Riley mulai berbicara dengan dirinya lagi saat ia mengepalkan dan mem- buka tangannya.

'' Ini adalah sesuatu seperti tes ... tapi saya tidak berpikir saya bisa menggunakan mana untuk sementara waktu. Jika saya pindah, saya hanya harus menggunakan pedang. ''

lawan Nya pembunuh saat ini.
Bukan sembarang pembunuh, tetapi elit yang ahli melarikan diri yang ia tidak bisa meninggalkan apapun di belakang untuk menjaga rahasianya.
Itu cukup keras, tapi pilihan Riley sekarang adalah yang paling efisien ia bisa memilih.

'' Lalu, saya harus pergi kembali? ''

Dia sudah punya rencana untuk membersihkan tubuh.
Jadi ia memeriksa penampilannya sekali lagi dan mulai berjalan.

'' Ian akan sudah kacang pergi pada saat ini. ''

Riley membuat senyum pahit saat ia memutuskan permintaan maaf yang dibutuhkan.
Angin dingin malam mulai bertiup pada mayat di hutan.

***

Insiden hilangnya Riley akhirnya mencapai Hitungan telinga Stein.
Sera dan Ian yang mencoba untuk tidak marah Stein yang telah meledak sebelum karena Lady Orelly tersentak keras dan kemudian mulai membuat cegukan.
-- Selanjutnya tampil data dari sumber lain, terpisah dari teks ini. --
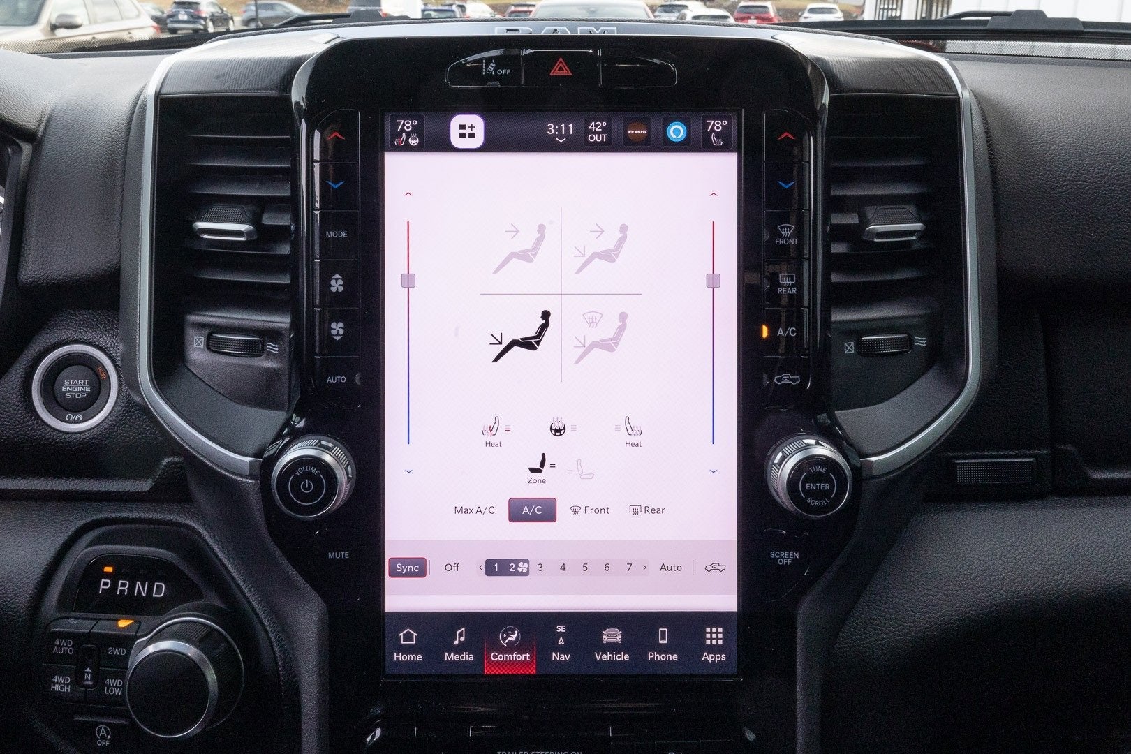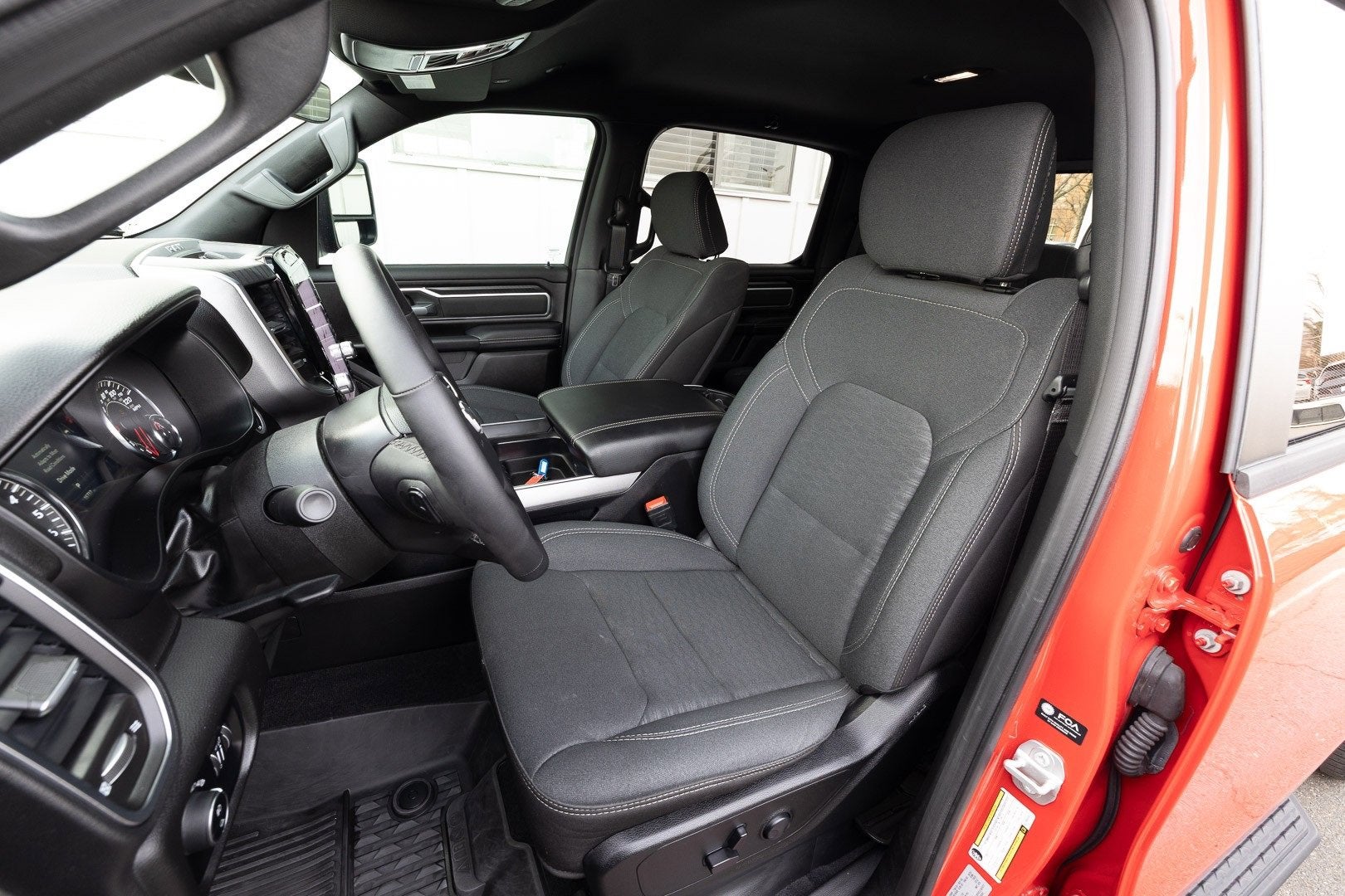 Virginia State Inspected, 115V Auxiliary Power Outlet, 115V Auxiliary Rear Power Outlet, 12 Touchscreen Display, 2nd Row In Floor Storage Bins, 400W Inverter, 4G LTE Wi-Fi Hot Spot, 9 Amplified Speakers w/Subwoofer, Accent Color Door Handles, Accent Color Premium Power Mirrors, Accent Color Tailgate Handle, Air Conditioning ATC w/Dual Zone Control, Anti-Spin Differential Rear Axle, Apple CarPlay, Apple CarPlay/Android Auto, Auto Power-Folding Mirrors, Auto-Dimming Exterior Driver Mirror, Auto-Dimming Rear-View Mirror, Big Horn Level 2 Equipment Group, Black Exterior Mirrors, Black Exterior Truck Badging, Black Headlamp Bezels, Black Interior Accents, Black Painted Exterior Mirrors Caps, Black Premium Power Mirrors, Black Tail Lamp Bezels, Black Trailer Tow Power Mirrors, Body Color Front Bumper, Body Color Rear Bumper w/Step Pads, Cluster 7.0 TFT Color Display, Configurable Drive Mode, Connected Travel & Traffic Services, Connectivity - US/Canada, Convex Wide-Angle Exterior Mirror Insert, Deluxe Cloth Bucket Seats, Exterior Mirrors Courtesy Lamps, Exterior Mirrors w/Heating Element, Exterior Mirrors w/Supplemental Signals, Glove Box Lamp, Google Android Auto, GPS Antenna Input, GPS Navigation, Grille Black Surround Black Mesh, HD Radio, Heated Front Seats, Heated Steering Wheel, Integrated Voice Command w/Bluetooth®, Leather Wrapped Steering Wheel, LED Dome Lamp w/On/Off Switch, LED Footwell Lighting, Manual Folding Exterior Mirrors, Manual Telescoping Mirrors, Media Hub w/2 Charge Only USBs, Mirror Clearance/Running Lights, Night Edition, Overhead LED Lamps, Power 2-Way Driver Lumbar Adjust, Power Adjust 8-Way Driver Seat, Power Adjustable Pedals, Power-Adjustable Convex Aux Mirrors, Premium Overhead Console, Quick Order Package 21Z Big Horn, Radio: Uconnect 5 Nav w/12.0 Display, RAM Grille Badge - Black, Rear Power Sliding Window, Rear Window Defroster, Remote Tailgate Release, Security Alarm, SiriusXM w/360L, Steering Wheel Mounted Audio Controls, Sun Visors w/Illuminated Vanity Mirrors, Trailer Brake Control, Trailer Reverse Steering Control, Trailer Tire Pressure Monitoring System, Trailer Tow Group, Trailer Tow Mirrors, Universal Garage Door Opener, USB Host Flip, Wheels: 20 x 9.0 Aluminum Painted Clad, 3 Rear Seat Head Restraints, 3.21 Rear Axle Ratio, 3.92 Rear Axle Ratio, 4 Way Front Headrests, 4-Wheel Disc Brakes, 6 Speakers, ABS brakes, Air Conditioning, Alloy wheels, AM/FM radio, Auto High-beam Headlights, Brake assist, Bucket Seats, Bumpers: chrome, Cloth Bench Seat, Compass, Delay-off headlights, Driver door bin, Dual front impact airbags, Dual front side impact airbags, Electronic Stability Control, Front anti-roll bar, Front Center Armrest w/Storage, Front fog lights, Front reading lights, Front Seat Back Map Pockets, Front wheel independent suspension, Full Length Floor Console, Fully automatic headlights, Heated door mirrors, Illuminated entry, Low tire pressure warning, Manual Adjust 4-Way Front Passenger Seat, Mopar Black Tubular Side Steps, MOPAR Front & Rear Rubber Floor Mats, Occupant sensing airbag, Outside temperature display, Overhead airbag, Overhead console, Panic alarm, ParkView Rear Back-Up Camera, Passenger door bin, Passenger vanity mirror, Power door mirrors, Power steering, Power windows, Radio data system, Radio: Uconnect 5 W w/8.4 Display, RAM Grille Badge - Chrome, Rear 60/40 Folding Seat, Rear anti-roll bar, Rear Center Armrest, Rear seat center armrest, Rear step bumper, Remote keyless entry, Speed control, Split folding rear seat, Supplier Part Tracking (J-1), Tachometer, Telescoping steering wheel, Tilt steering wheel, Traction control, Trip computer, Variably intermittent wipers, Voltmeter, Wheels: 18 x 8 Cast-Aluminum Painted, LoJack, 115V Auxiliary Power Outlet, 115V Auxiliary Rear

'' Katakan lagi dengan hati-hati Ian. Riley telah menghilang? ''
'' Itu ... ''

Riley sudah diperlakukan seperti sampah di mansion.
Apa yang akan terjadi jika kata-kata 'ia mungkin telah diculik oleh pembunuh' yang mengatakan ketika Hitungan Stein benar-benar marah sudah?

'' ... ''
'' ... ''

Ian dan Sera yang tidak ingin mempertimbangkan konsekuensi menutup mulut mereka dan saling memandang.
Hipotetis, Hitung Stein adalah mungkin untuk mengatakan kata-kata ini:

"Apa? Dia diculik oleh pembunuh? Menyedihkan, tidak perlu untuk mencarinya. The Iphelleta rumah tidak perlu kegagalan tersebut. '

... kemudian Riley akan berada dalam situasi yang sama dengan Orelly yang baru saja dibuang.
Yang berarti, mereka tidak akan diizinkan untuk menyimpan Tuan Muda.

'' Itu ... ''

Ian yang memiliki sedikit bakat untuk kata-kata mulai meremas otaknya untuk ide-ide.
Bagaimana saya bisa melewati krisis ini?
Alasan apa yang saya buat?
Hanya ketika bibirnya yang kering hendak membuka ...

'' ... Apakah Anda memanggil saya? ''
'' ...?! ''

Suara familiar muncul dari belakang Ian.